This article was published 19/10/2024 (357 days ago), so information in it may no longer be current.
There’s a block of Dominion Street, from Ellice Avenue to St. Matthews Avenue, where, walking home, I used to inch in under the canopy of big elms and sigh with relief.
Two blocks above, Dominion from Sargent to Wellington, has been pretty much denuded, with five big elms left standing a year ago — now only four, and two due to be felled — casting little summer shade and no respite from spattering rain. Sargent to Ellice? Not that many more.
So crossing Ellice was a relief. Move in under the elms arching over both sidewalk and street, and you’d feel the temperature drop and the heat of the sun leave your skin. There was the sound of it, too, the light wind shifting the leaves, the patter of raindrops — the whole effect eased the day and the walk home into a different kind of place.

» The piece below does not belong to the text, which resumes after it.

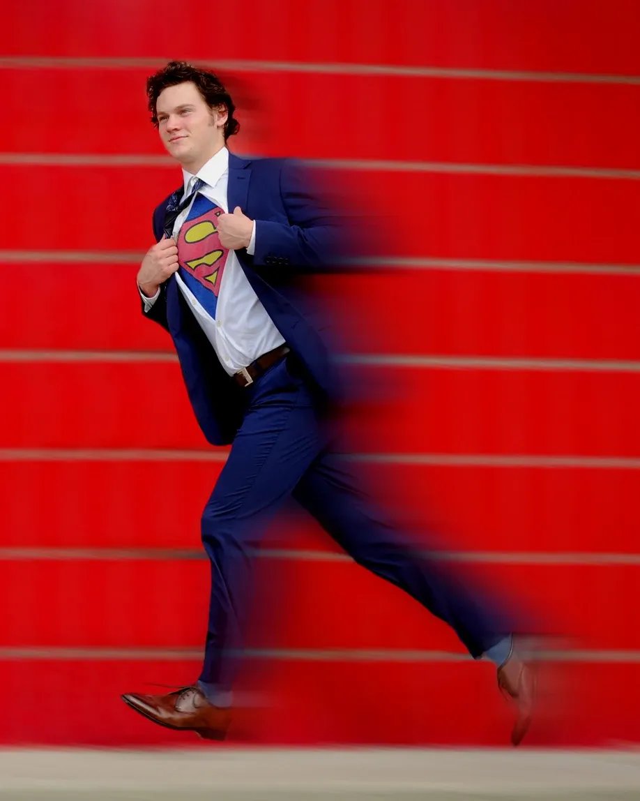 I’ve always been a huge DC fan — especially Superman. During my session planning, Idaho Photography Studios suggested we have some fun with it, and I’m so glad they did. One of my favorite shots ended up being me revealing the Superman logo under my shirt — like Clark Kent in mid-transformation. It was the perfect way to cap off my senior portraits. Thanks for letting me be a little bold, a little geeky, and totally myself!”

Russell Wangersky / FreePress
The last branch standing with leaves on the crown of a dying elm
Well, suddenly, that’s gone. Dutch elm disease has marched down the street, and that single block of Dominion lost, at last count, 24 trees in the last year, 16 of those in the last two months or so. You can still see the past on Google Street View: the last trip down Dominion by the Google car was in July 2015.
The present is far harsher: the stumps are still bright, wet, yellow and unweathered wood, with sap still pulsing up from the roots. The big equipment snatches down a whole elm, however large, in less than an hour. The chippers roar briefly, move on. The trees with orange dots marking their beetle infestation wait their turns, but not for long.
That block of houses is barefaced to the sun now — the sky is bigger and the houses, smaller — and the light is far harsher and less forgiving than it once was.
Respite, it isn’t any longer. And, I fear, most of Winnipeg’s elms will follow suit.
You may have guessed I have a thing for trees — I like their company. A copse of shaking-leaf aspens or a riverside klatch of poplars is always fine. Snugged in underneath overreaching, branch-tip-touching low spruce is like its own chapel. Even working my way through the maze of dead branches that is often the understorey of mature fir trees is something I find uniquely calming.
It makes this city a bit alien to me — and the province, too. The city has the formal boulevard trees and small patches of wilding in different corners, but not so much that you can lose yourself in the best kind of disordered trees. And so much of the ground outside the city is cleared and planted, with trees only in the occasional windrows and following the V-shaped dips of banks down to creeks and streams.
Farther north, into the boreal, it’s confusing again.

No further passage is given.